Records for the exercise section start
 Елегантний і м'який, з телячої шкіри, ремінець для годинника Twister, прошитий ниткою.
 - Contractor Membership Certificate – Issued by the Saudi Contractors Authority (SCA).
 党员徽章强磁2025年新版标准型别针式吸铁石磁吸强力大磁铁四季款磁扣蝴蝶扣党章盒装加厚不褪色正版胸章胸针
Records for the exercise section end
Records for the exercise section start
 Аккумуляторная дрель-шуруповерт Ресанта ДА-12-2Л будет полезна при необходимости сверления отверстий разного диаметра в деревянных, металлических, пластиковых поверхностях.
Records for the exercise section end
Records for the exercise section start
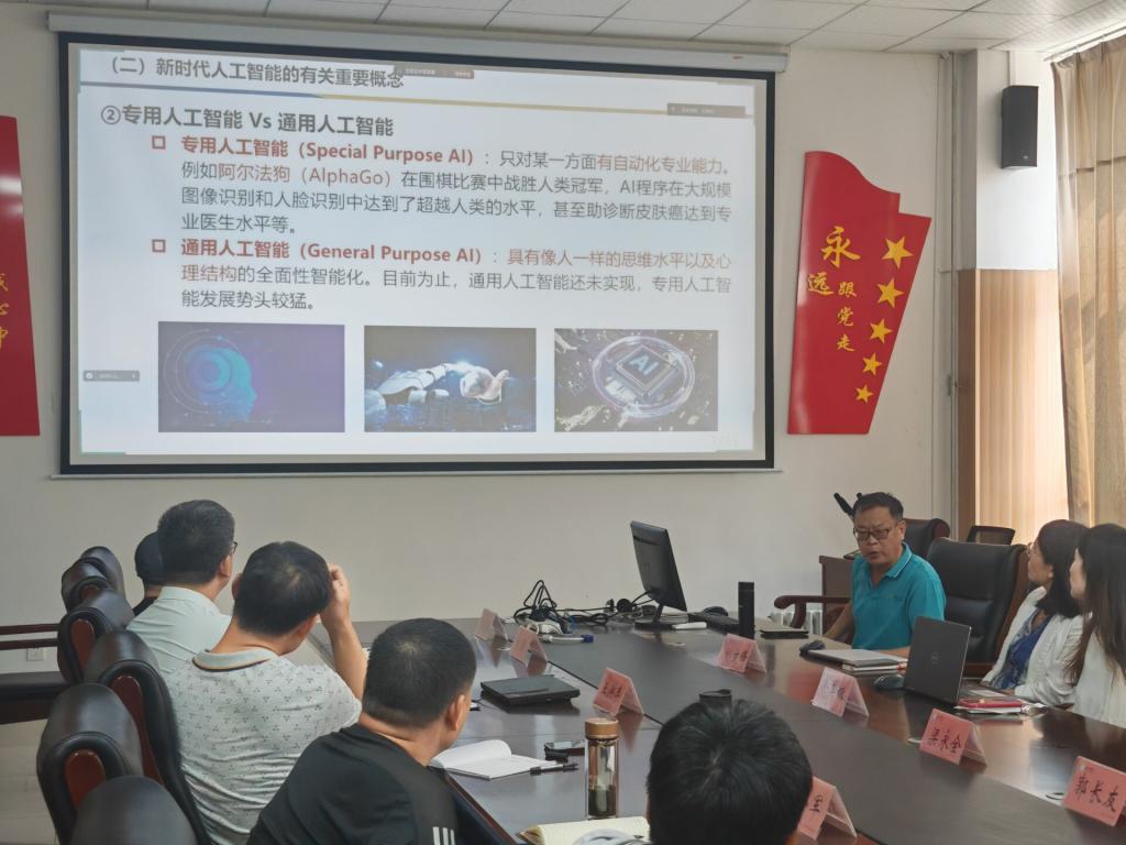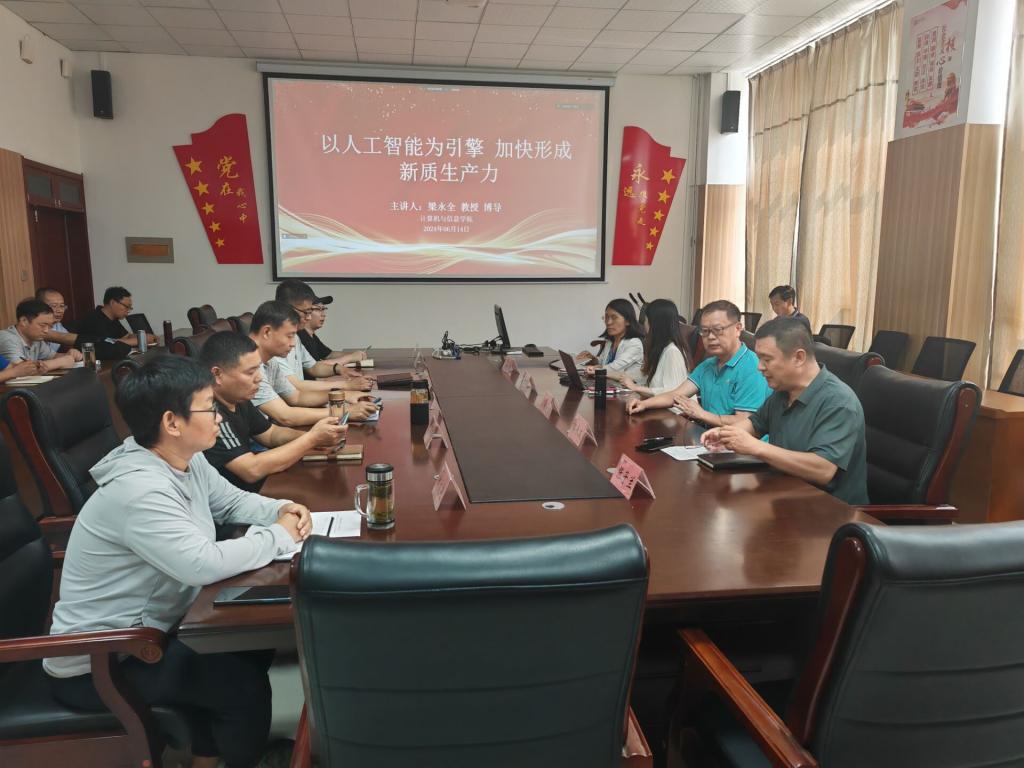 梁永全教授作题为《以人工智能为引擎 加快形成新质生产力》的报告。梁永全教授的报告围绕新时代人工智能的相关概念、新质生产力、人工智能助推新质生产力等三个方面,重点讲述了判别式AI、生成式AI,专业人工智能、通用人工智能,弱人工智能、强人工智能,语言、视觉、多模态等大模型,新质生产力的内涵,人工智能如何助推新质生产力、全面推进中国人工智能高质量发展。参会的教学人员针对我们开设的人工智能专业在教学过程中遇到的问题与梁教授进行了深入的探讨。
Records for the exercise section end
**How to complete this task:** In the listing above, locate the line containing "Елегантний і м'який, з" and the line containing "党员徽章强磁2025年新版标". Extract those two lines and every line between them, exactly as written, and only those.

**Completed exercise:**
 Елегантний і м'який, з телячої шкіри, ремінець для годинника Twister, прошитий ниткою.
 - Contractor Membership Certificate – Issued by the Saudi Contractors Authority (SCA).
 党员徽章强磁2025年新版标准型别针式吸铁石磁吸强力大磁铁四季款磁扣蝴蝶扣党章盒装加厚不褪色正版胸章胸针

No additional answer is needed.